* THE PROBLEM:
In the material below, please retype the lines from the very first through the one with "Trójdrożny zawór regulacyjny, gwintowany", exactly and without pictures.

● ● ● ● ●

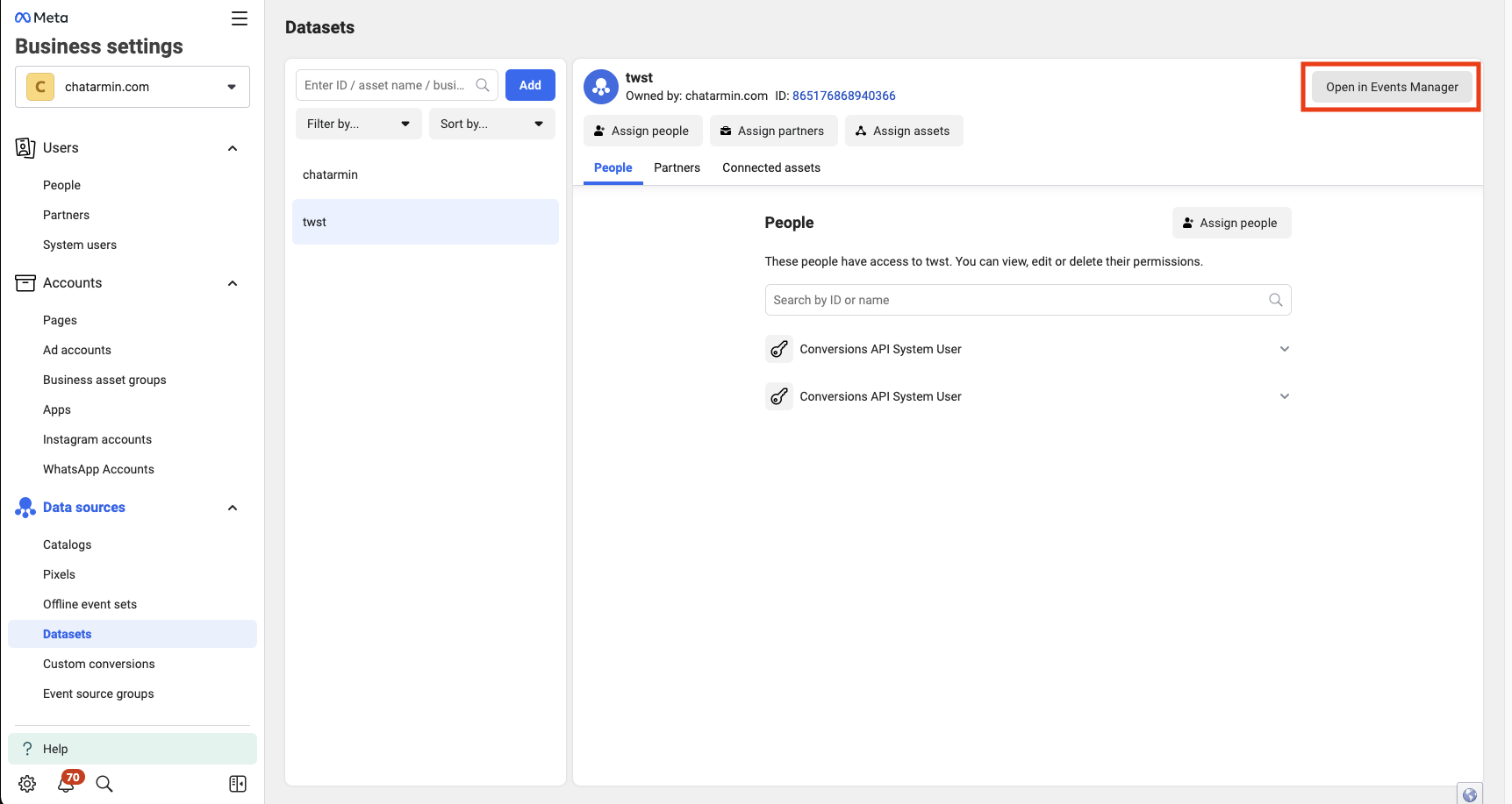 First, open your Business Manager and navigate to Date Sources -> Datesets -> Select your Pixel -> Click "Open in Events Manager"
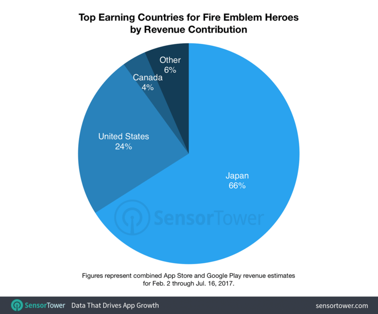 Fire Emblem Heroes has been downloaded primarily by Japanese users, who make up 66 percent of the game’s userbase. The United States is next at 24 percent, followed by Canada at 6 percent.
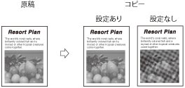 「写真」モードを使用して、印刷写真などのように網点からなる原稿をコピーすると、モアレと呼ばれるまだら模様が出ることがあります。「弱く」を使用してコピーすると、このようなモアレ現象を弱めます。
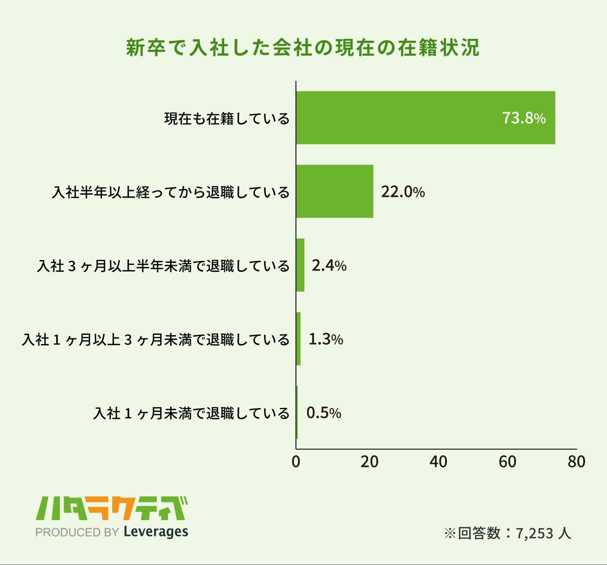 2019年〜2023年に大学を卒業し、新卒として会社に入社した男女7253名に対し調査を実施したところ、全体の約3割(26.2%)が新卒で入社した会社を既に退職していることがわかりました。そのうち、4.2%は入社してから半年未満で退職しています。
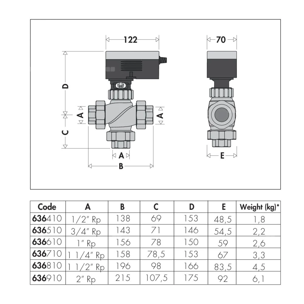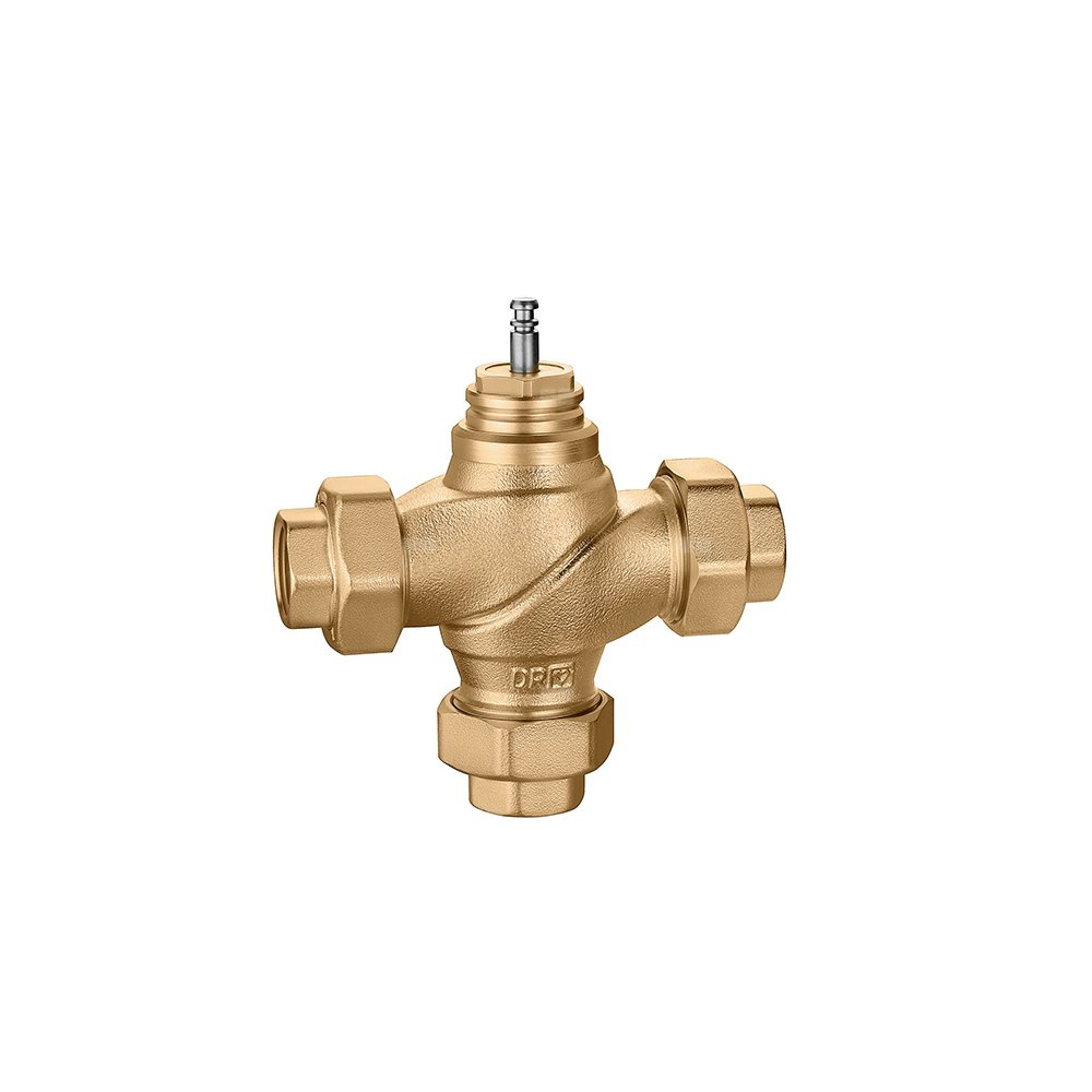 Trójdrożny zawór regulacyjny, gwintowany Charakterystyka stałoprocentowa. Przyłącze: Rp 2" (EN 10226-1) GW, złączka. Maksymalne ciśnienie pracy: 16 bar. Zakres temperatury medium: 0–100 °C. PN (Ciśnienie nominalne): PN 16. DN: DN 50 (korpus). Kv: 28 m³/h.
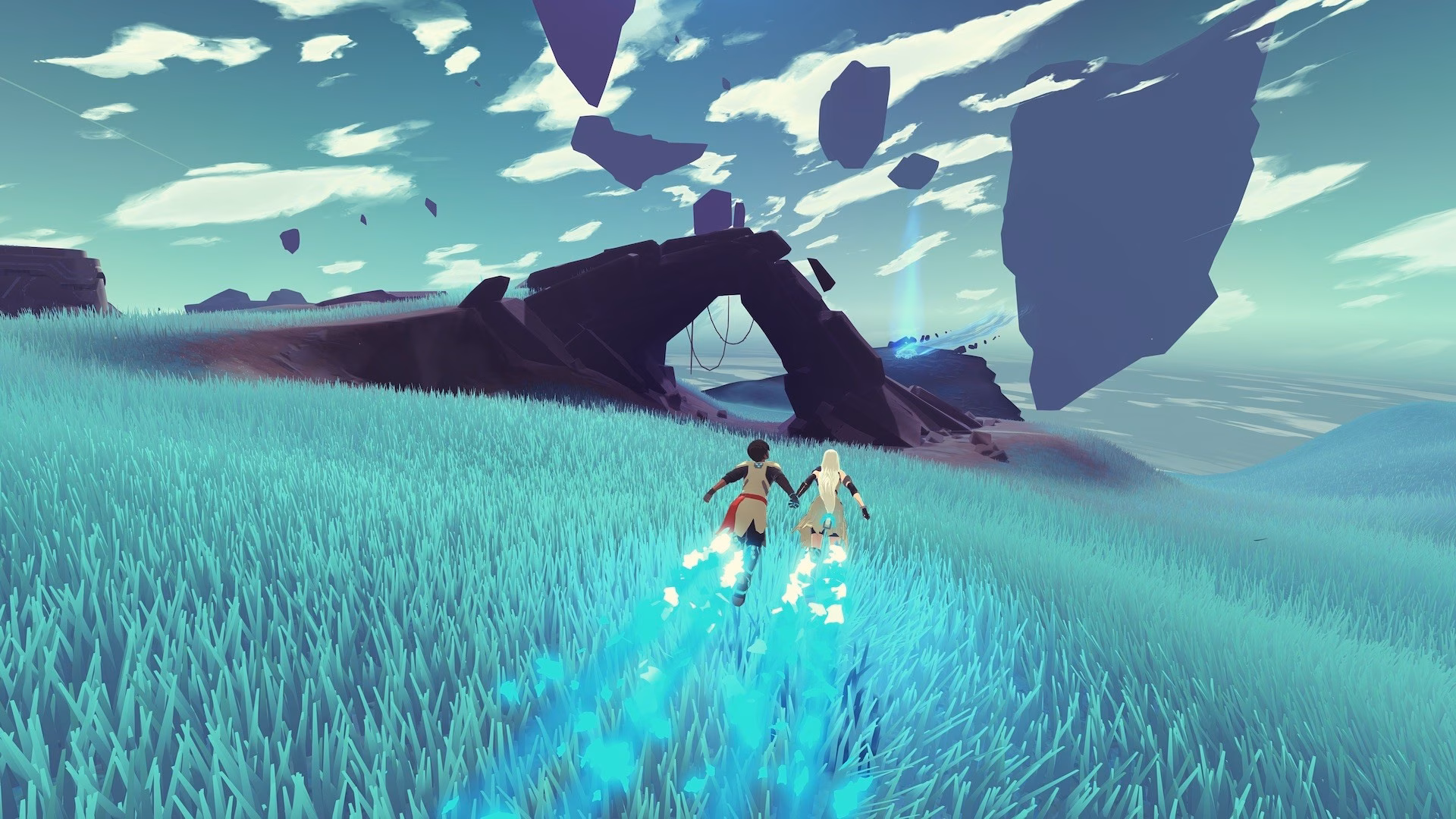 I would argue that Haven is far more of a cozier, calming adventure and romantic couple story than it is the RPG survival game it is often described as, perhaps by even the developers themselves in an attempt to reach a wider audience. The core of the gameplay is navigating a planet full of islets connected by “flow bridges,” an energy phenomenon that also powers your impressive gliders, allowing you to seamlessly travel the beautiful landscape, fight corrupted enemies, purify the land, and find resources for crafting and cooking.
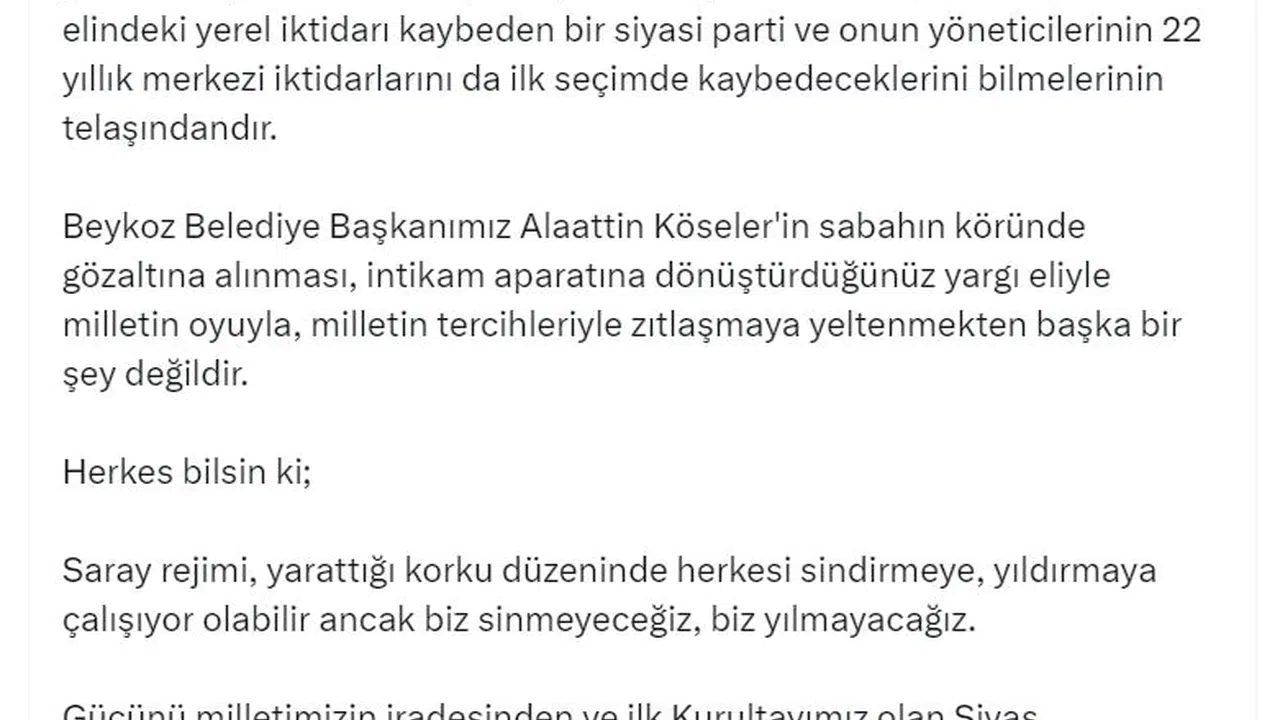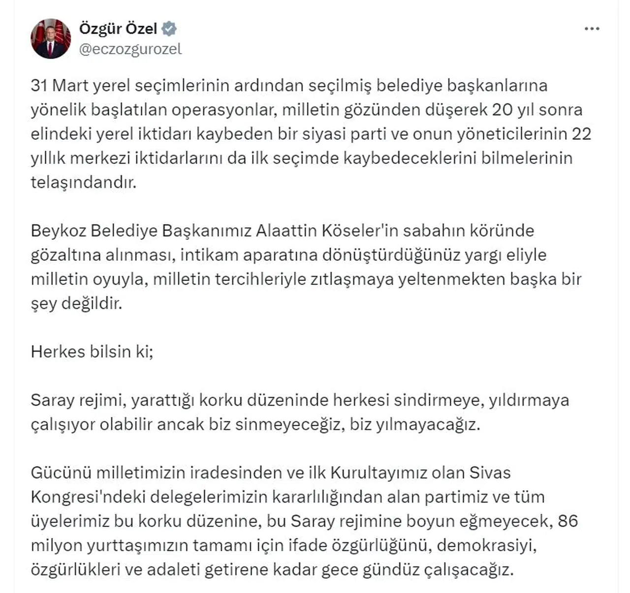 ANKARA, (DHA)- CHP Genel Başkanı Özgür Özel, "Beykoz Belediye Başkanımız Alaattin Köseler'in sabahın köründe gözaltına alınması, intikam aparatına dönüştürdüğünüz yargı eliyle milletin oyuyla, milletin tercihleriyle zıtlaşmaya yeltenmekten başka bir şey değildir" dedi.
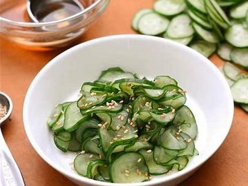 Cucumber slices battered in a sauce made of low-sodium soy sauce, rice vinegar, garlic, red pepper flake, salt, and sugar. Topped with sesame seeds. Served on a small plate.
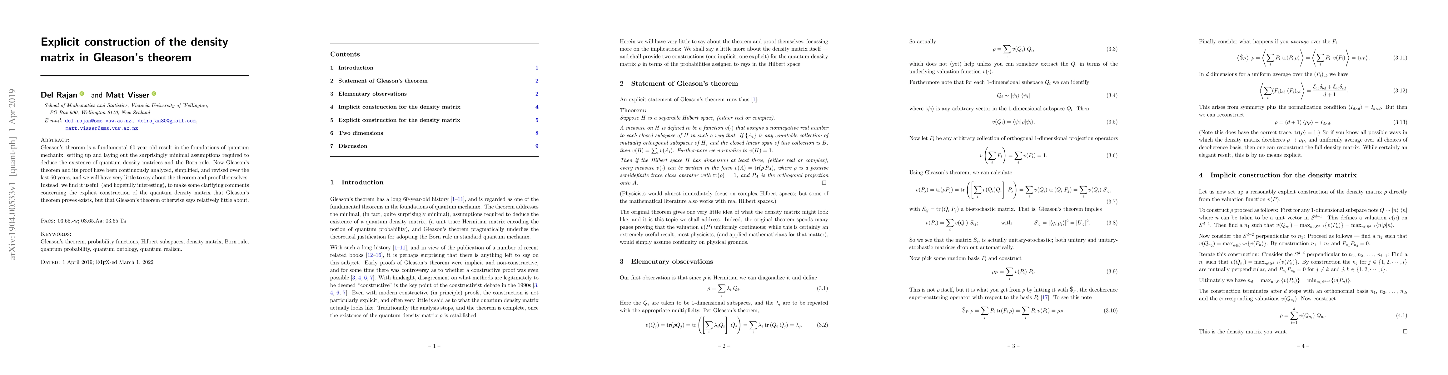 This paper clarifies the explicit construction of the quantum density matrix guaranteed by Gleason's theorem, providing additional insights into the minimal assumptions required to deduce its existence and the Born rule, without delving deeply into the theorem's proof itself.
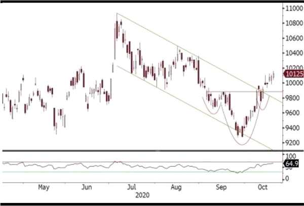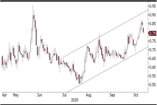 美股急挫但未見恐慌。港股昨天假期休市,假期前連升六天,累漲760點(diǎn)或3.15%。上周五恒指升133點(diǎn)或0.54%,舊經(jīng)濟(jì)股領(lǐng)漲,匯豐(5 HK)升3.2%,中國平安(2318 HK)升2.3%,“三桶油” 漲6%。昨夜美股顯著下挫,美國的新冠肺炎單日確診數(shù)字創(chuàng)新高,加上總統(tǒng)大選前料難達(dá)成新一輪紓困方案,道指曾瀉965點(diǎn),收市跌650點(diǎn)或2.29%,科技股跌幅較小,納指跌1.64%。市場避險(xiǎn)情緒上升,但未見恐慌, “恐慌指數(shù)” VIX仍低于6月及9月美股回調(diào)時(shí)之水平,而美國十年期國債孳息仍遠(yuǎn)高于8月初低位,反映資金未有大量涌向避險(xiǎn)資產(chǎn)。
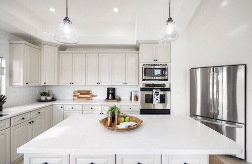 This elegant home features four bathrooms with brand new fixtures, including double vanities and marble countertops. Guests will find shower and tub combo's in all of the bathrooms except the master bathroom, which features a full size tub and a beautiful walk-in shower. Bright light and plenty of counter space make it easy to get ready in the morning. Each bathroom is stocked with the essentials you need during your stay, including shampoo, conditioner, soap, and hair dryers.
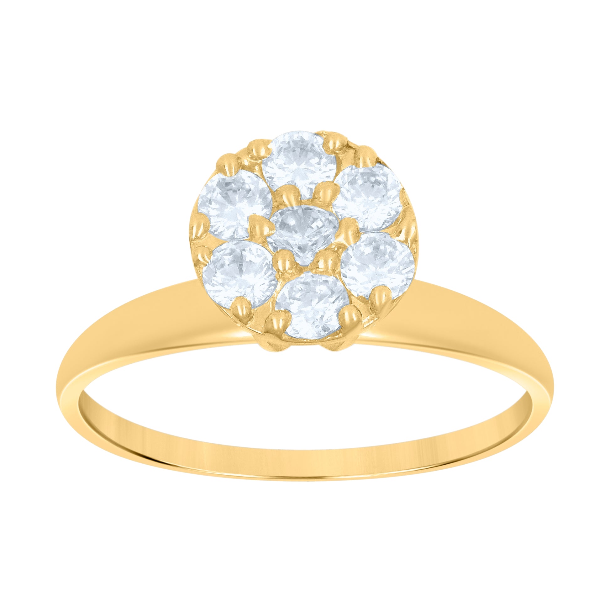 10K Two-Tone Gold Womens Cubic Zirconia Floral Engagement Ring

● ● ● ● ●

* WRITTEN RESPONSE:
 First, open your Business Manager and navigate to Date Sources -> Datesets -> Select your Pixel -> Click "Open in Events Manager"
 Fire Emblem Heroes has been downloaded primarily by Japanese users, who make up 66 percent of the game’s userbase. The United States is next at 24 percent, followed by Canada at 6 percent.
 「写真」モードを使用して、印刷写真などのように網点からなる原稿をコピーすると、モアレと呼ばれるまだら模様が出ることがあります。「弱く」を使用してコピーすると、このようなモアレ現象を弱めます。
 2019年〜2023年に大学を卒業し、新卒として会社に入社した男女7253名に対し調査を実施したところ、全体の約3割(26.2%)が新卒で入社した会社を既に退職していることがわかりました。そのうち、4.2%は入社してから半年未満で退職しています。
 Trójdrożny zawór regulacyjny, gwintowany Charakterystyka stałoprocentowa. Przyłącze: Rp 2" (EN 10226-1) GW, złączka. Maksymalne ciśnienie pracy: 16 bar. Zakres temperatury medium: 0–100 °C. PN (Ciśnienie nominalne): PN 16. DN: DN 50 (korpus). Kv: 28 m³/h.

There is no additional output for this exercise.